The first version of Kairos was a loop and a prayer. Every minute a worker woke up, read the "scheduled" table, picked the jobs whose run_at had passed, and tried to dispatch them. If anything in that dispatch threw — a network blip, a contract change, a Redis hiccup — the row stayed status='scheduled' and got retried next tick. For a long time that worked.
Then I wrote a second feature. Then a third. And the loop started to lie.
A scheduler that "mostly runs" but silently drops events is worse than one that halts loudly. Silent failure is a liability; loud failure is just a bug.

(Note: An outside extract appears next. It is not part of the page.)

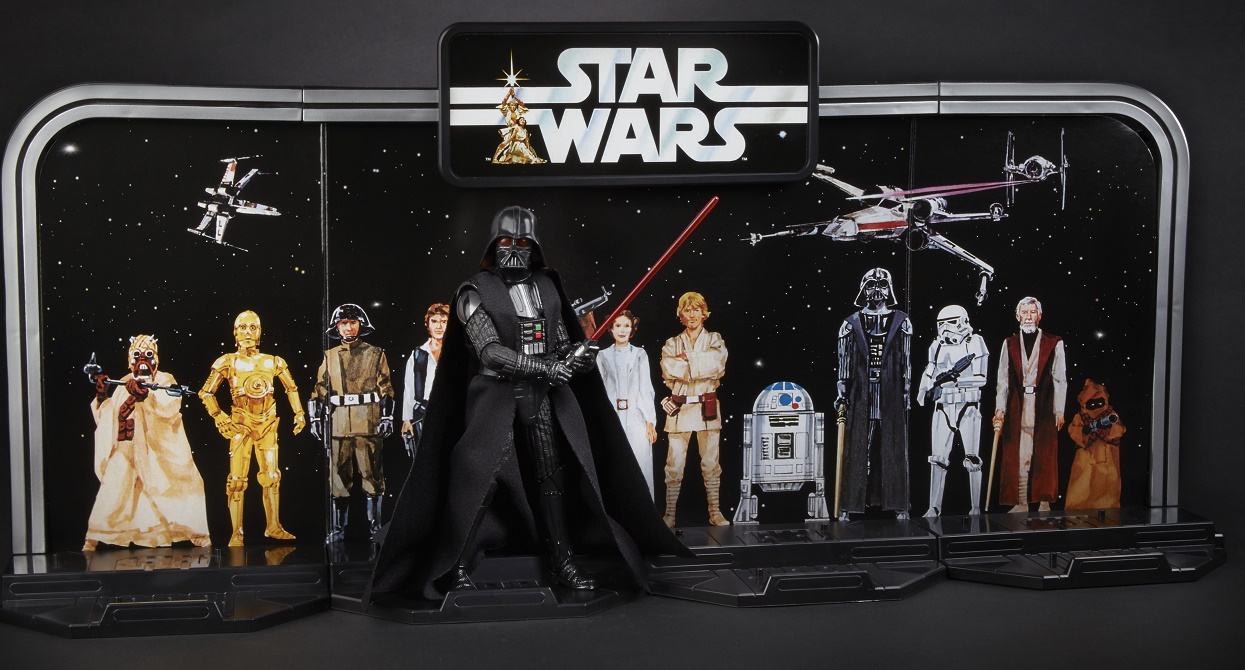 Star Wars Black Series 40th Anniversary Darth Vader Legacy Pack featuring vintage-inspired design and packaging, modeled after the Early Bird Certificate Package offered prior to the first films release in May 1977. The Legacy Pack features a vintage-inspired Darth Vader figure and a reversible backcard and display stand for all other 40th Anniversary 6-inch figures.

The problem wasn't the cron. It was the absence of a contract between "I scheduled this" and "this ran." Once I added a second dispatch path — a webhook retry, a manual trigger from the UI — the implicit contract broke. Two code paths, one shared status column, no coordination.
What a state machine bought
Replacing the loop with an explicit FSM forced me to enumerate every transition: SCHEDULED → RUNNING → DONE, RUNNING → FAILED, FAILED → SCHEDULED (with backoff), SCHEDULED → EXPIRED (if TTL exceeded). Suddenly the "silently dropped job" had a name. It was an unhandled transition from SCHEDULED when the TTL window closed without a runner picking it up.
The FSM didn't fix the bug immediately. But it made the bug findable. When I added the off-by-one check to the retry window, the failing test pointed at a specific transition rather than a generic "job didn't run" failure. That's the real value: not correctness, but legibility.
The implementation
The FSM lives in a single Python class. States are a StrEnum. Transitions are validated in a can_transition() method before any database write. The HTTP layer never touches status directly — it calls job.transition(target_state) and catches InvalidTransition.
Postgres advisory locks handle the concurrent runner problem. Before picking up a job, a runner acquires an advisory lock keyed to the job ID. If another runner holds it, the query returns nothing. No double-dispatch, no Redis, no distributed lock service — just a feature Postgres has had since 2003.
What I'd do differently
Write the FSM before the HTTP layer. I let endpoint shapes drive the state design early on, which meant the FSM had to accommodate decisions already baked into the API. The rewrite inverts this — the state machine is the specification, and the HTTP layer just exposes it.